J Cell Biol. 2010 Jan 25;188(2):199-207. doi: 10.1083/jcb.200907161. Epub 2010 Jan 18.
After a long period of quiescence at dictyate prophase I, termed the germinal vesicle (GV) stage, mammalian oocytes reenter meiosis by activating the Cdc2-cyclin B complex (maturation-promoting factor [MPF]). The activity of MPF is regulated by Wee1/Myt1 kinases and Cdc25 phosphatases. In this study, we demonstrate that the sequestration of components that regulate MPF activity in distinct subcellular compartments is essential for their function during meiosis. Down-regulation of either Wee1B or Myt1 causes partial meiotic resumption, and oocytes reenter the cell cycle only when both proteins are down-regulated. Shortly before GV breakdown (GVBD), Cdc25B is translocated from the cytoplasm to the nucleus, whereas Wee1B is exported from the nucleus to the cytoplasm. These movements are regulated by PKA inactivation and MPF activation, respectively. Mislocalized Wee1B or Myt1 is not able to maintain meiotic arrest. Thus, cooperation of Wee1B, Myt1, and Cdc25 is required to maintain meiotic arrest and relocation of these components before GVBD is necessary for meiotic reentry.

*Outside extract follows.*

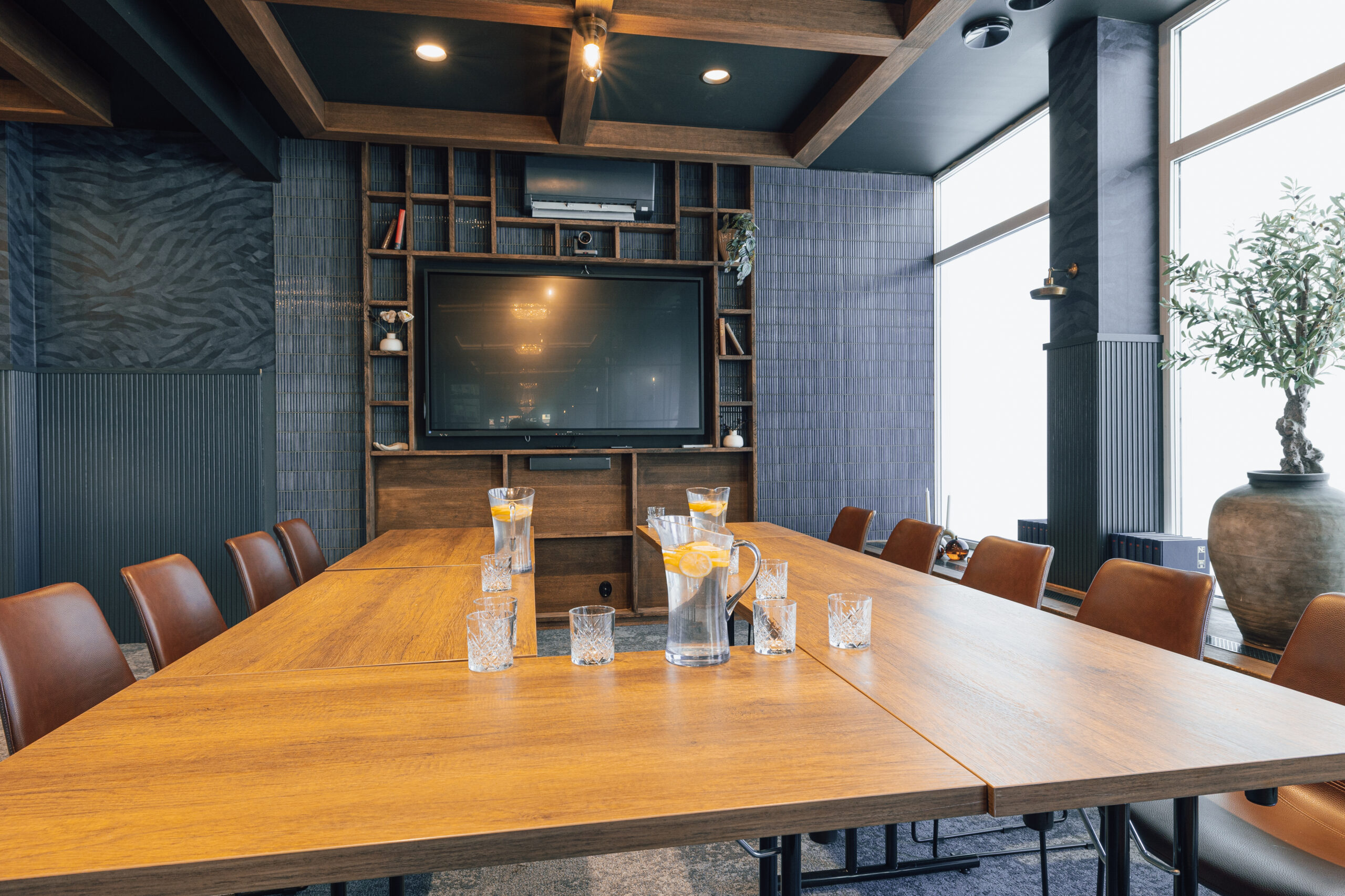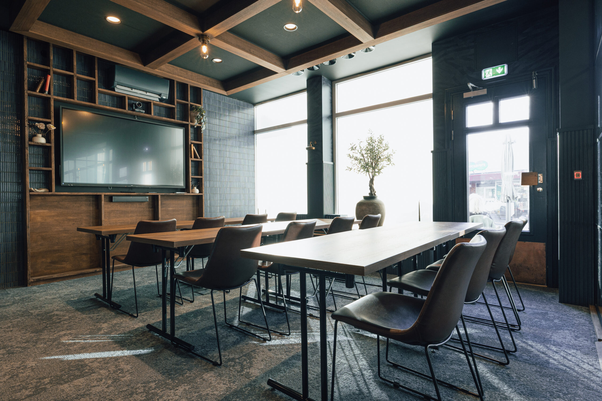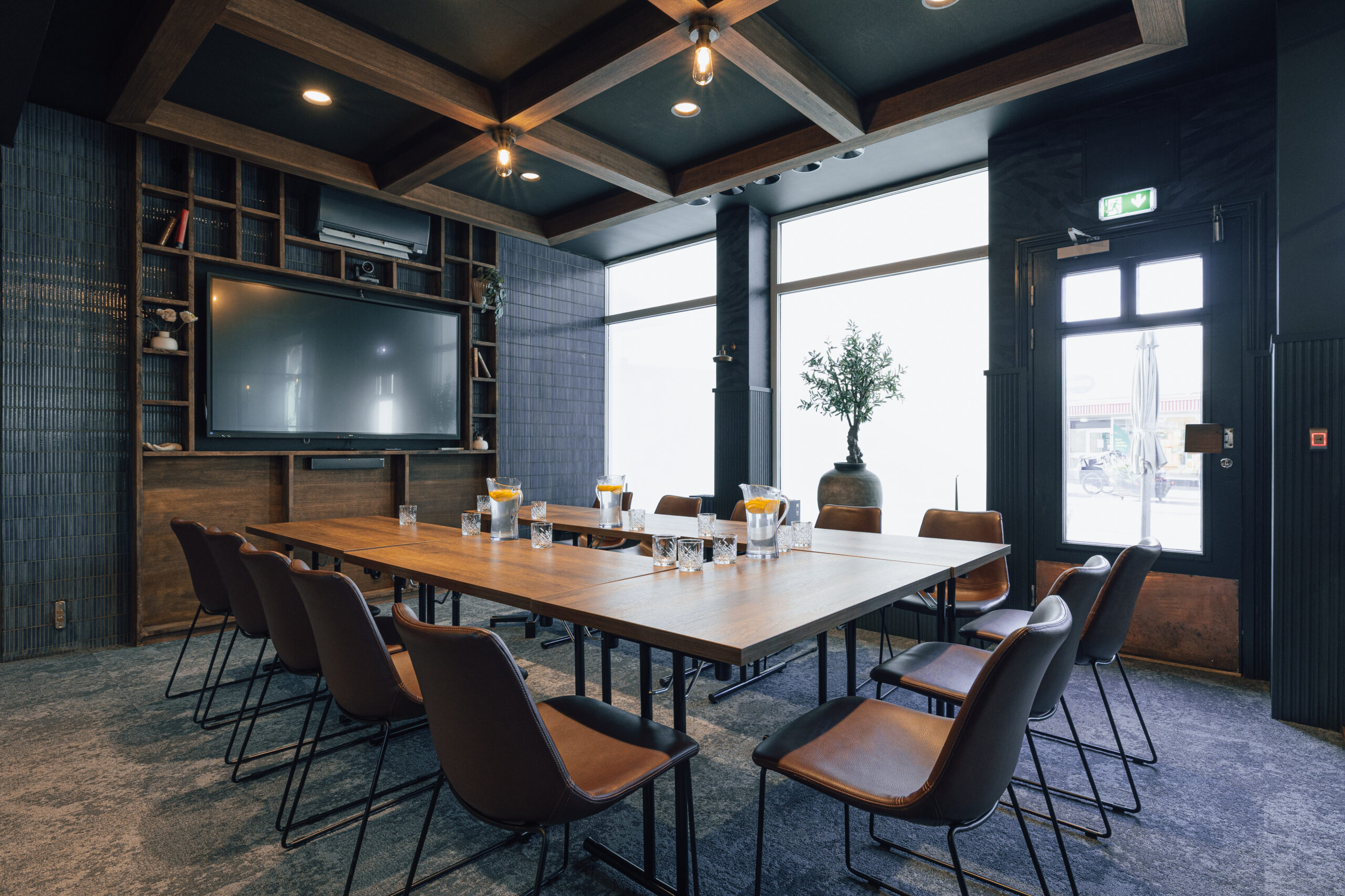 Konferensrum Prinsen är ett ljust och mysigt konferensrum om ca 20 kvm med upp till 20 sittplatser perfekt – för styrelsemötet, ledningsgruppen eller den mindre utbildningen. Rummet har väldigt fin konferensutrustning i form av en 75″ TV med touch som även är möjlig att använda som whiteboardtavla, inbyggd ljudsystem samt kamera och mikrofon för videomöten. Blädderblock finns tillgängligt. Det går att möblera på flera sätt:

在有丝分裂前期的 Dictyate 期经历了长时间的静止期后,称为生发泡期(GV),哺乳动物卵母细胞通过激活 Cdc2-细胞周期蛋白 B 复合物(成熟促进因子 [MPF])重新进入减数分裂。MPF 的活性受 Wee1/Myt1 激酶和 Cdc25 磷酸酶调节。在这项研究中,我们证明了调节 MPF 活性的成分在不同的亚细胞隔室中的隔离对于它们在减数分裂中的功能是必不可少的。下调 Wee1B 或 Myt1 会导致部分减数分裂恢复,只有当两种蛋白质都下调时,卵母细胞才会重新进入细胞周期。在 GV 破裂(GVBD)之前不久,Cdc25B 从细胞质转移到细胞核,而 Wee1B 则从细胞核输出到细胞质。这些运动分别受 PKA 失活和 MPF 激活调节。定位错误的 Wee1B 或 Myt1 无法维持减数分裂阻滞。因此,Wee1B、Myt1 和 Cdc25 的合作对于维持减数分裂阻滞以及在 GVBD 之前这些成分的重新定位是必需的,这对于减数分裂的重新进入是必要的。